A petition lodged with the European Parliament’s Petitions Portal has turned up the heat in the six-week long battle to save a father-of-four jailed in Portugal on an Interpol Red Notice.
Backed by human rights organisations and “citizens and residents of the European Union”, it sets out, point by point, why Portugal is in breach of EU Law and the UN 1951 Refugee Convention – recognised in almost every country of the world.
And it shows, yet again, the determination and force underway to free the man India has dubbed a terrorist, but which his own Sikh community guarantees is simply a “hard working family man” and asylum seeker from oppression.
To understand the background to the story that suddenly involved Portugal on December 18 when commercial truck driver Paramjeet Singh Saini, his wife Pinky and their four children arrived in the Algarve for what they thought would be a relaxing family holiday, one has to go back in history and understand the animosity that exists in India towards Sikhs.
It is a bloody litany of humans rights atrocities that Sikhs accept may never be fully understood by the rest of the world.
Thus, news stories released when 42-year-old Paramjeet was arrested on the basis of an Interpol Red Notice at a hotel in Albufeira, led readers to believe he was “dangerous and violent”: a terrorist, responsible for bombings and killings in an area of India marked by the struggle for separatism.
Since then, lawyers, human rights activists and fellow Sikhs throughout the world have been battling to put the record straight.
They have approached hundreds of MPs, lobbied the British Parliament, pressured the United Nations, moved British Labour leader Jeremy Corbyn to appeal directly to Portuguese prime minister António Costa, and seen MEP Siôn Simon table a question to the European Parliament.
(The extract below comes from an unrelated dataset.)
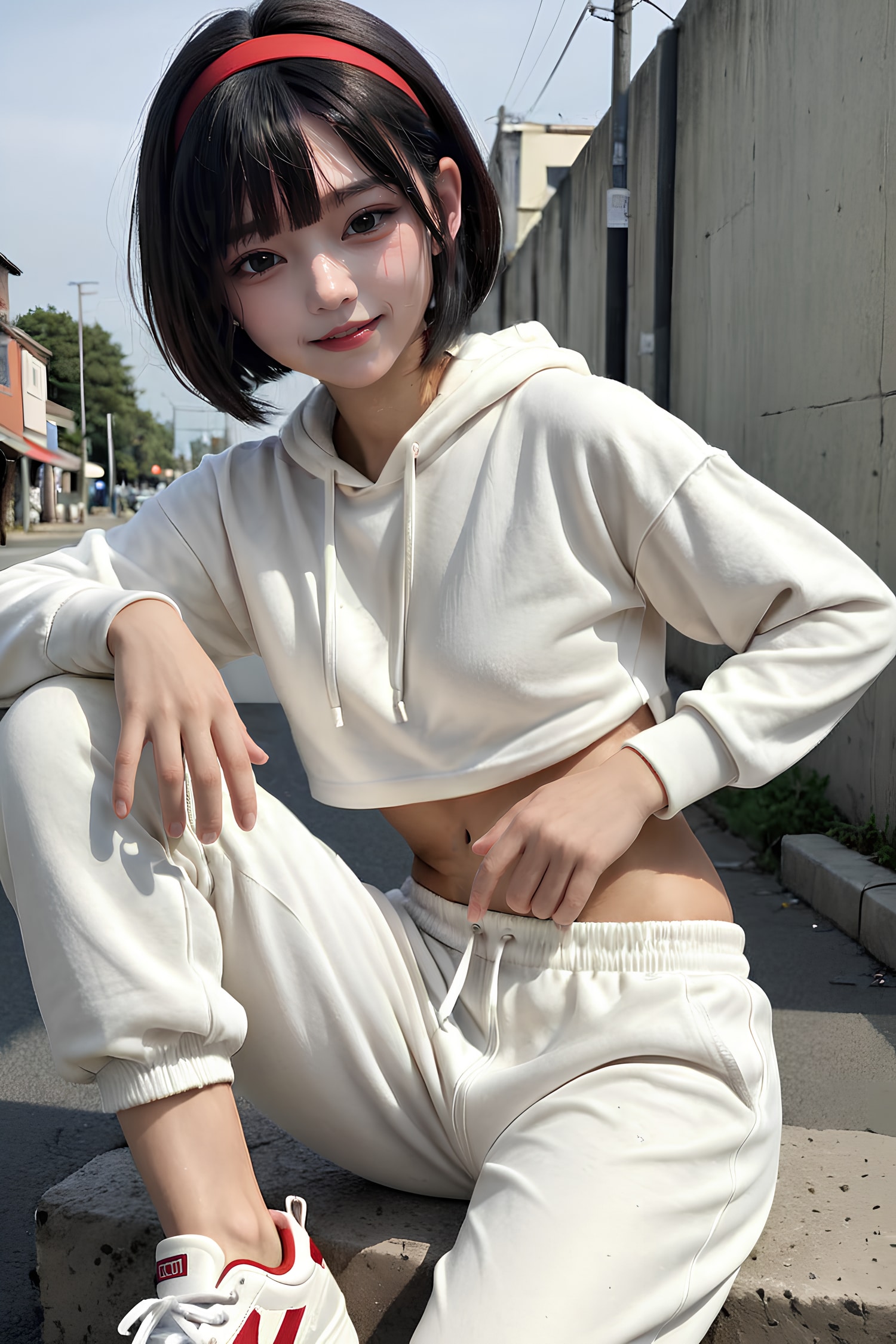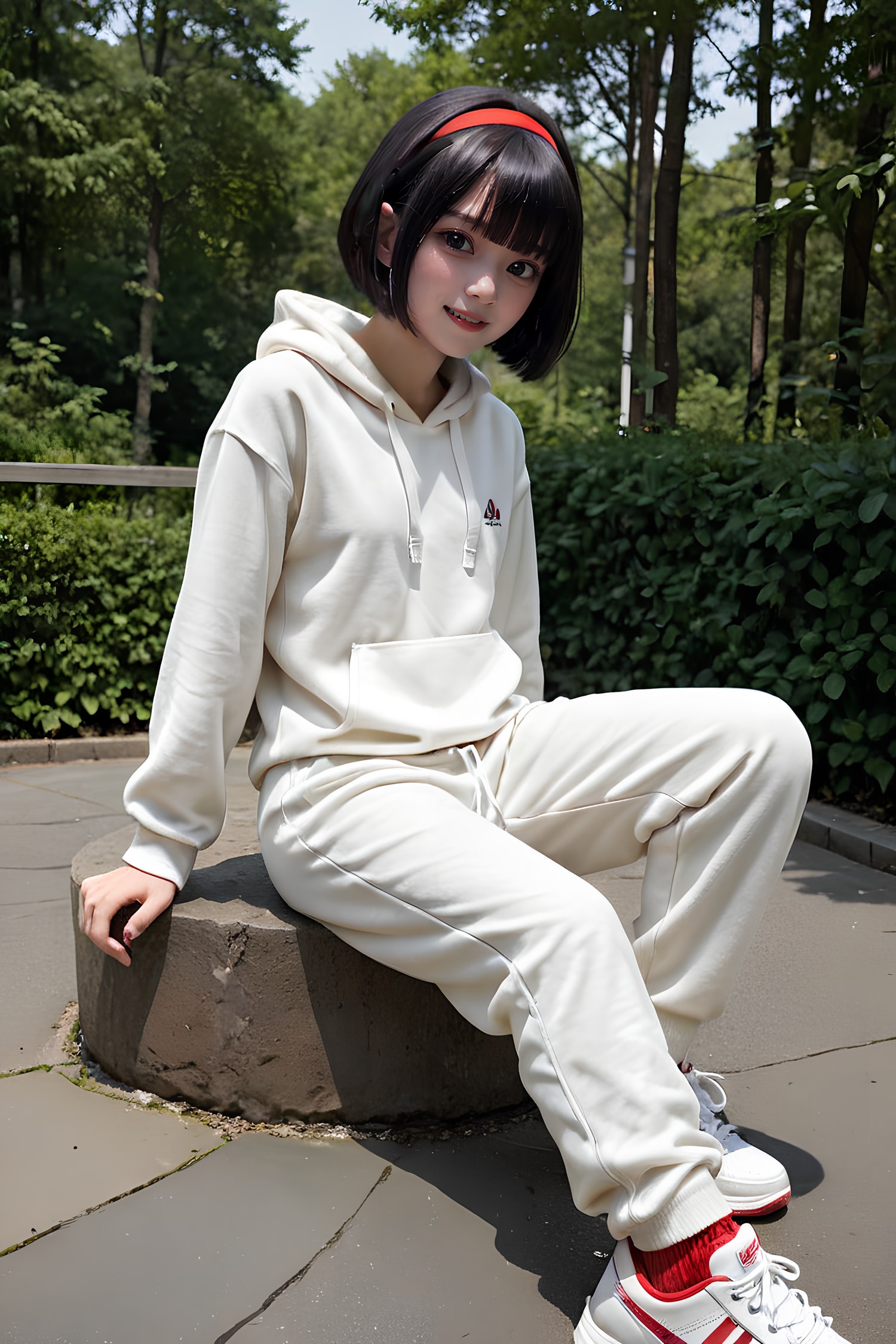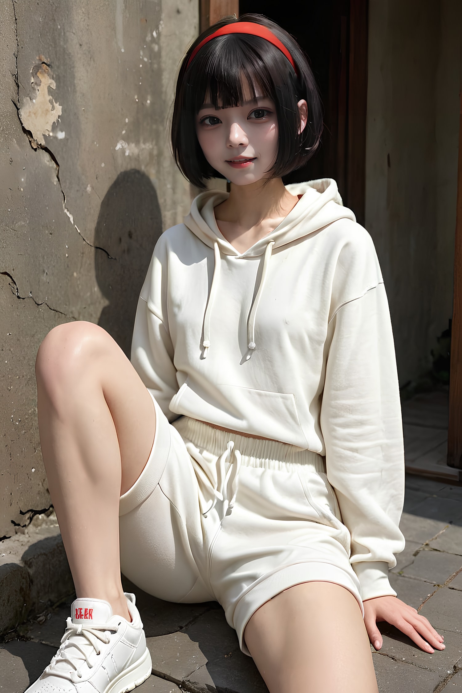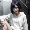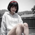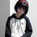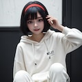 黒眼黒髪白パーカー

This latest development, lodged in the name of Mr Singh’s wife, should leave no doubts in anyone’s mind that the arrest in December last year was all wrong.
In a nutshell, the petition explains that Portugal “as a signatory to the 1951 Refugee Convention and member of the EU should not detain and extradite a third country national who has been granted asylum/ refugee status by another Member State”.
It also reiterates the policy implemented by Interpol last year “to remove Red Notices of individuals who have been verified as refugees”.
Portugal is “duty bound”, the petition states, “to allow Paramjeet Singh to go back to the United Kingdom where he has valid refugee status”.
A decision to extradite would be in contravention of the Treaty of the Functioning of the European Union and the Dublin Regulations, protecting asylum seekers under the Geneva Convention, and it would amount to what in legal terms is called “re-foulement” to a country where Mr Singh “will be persecuted”.
How things got this far down the line – with all the laws and conventions in place – we may never know. But all that matters in the end, a source told the Resident, is that “Paramjeet comes home”.
In the UK, the Sikh Federation – powering moves to publicise the case – has tweeted: “Today we are urging Sky News, BBC TV News, ITV News, C4 News and 5 News to cover story as he prepares for court”.
The deadline for India to formalise its case against Paramjeet Singh Saini expires next Tuesday (January 26).
With a four-man team of police from India understood to be arriving in Lisbon to take Mr Singh into custody, it is unclear when judges at Évora’s appeal court will make a decision.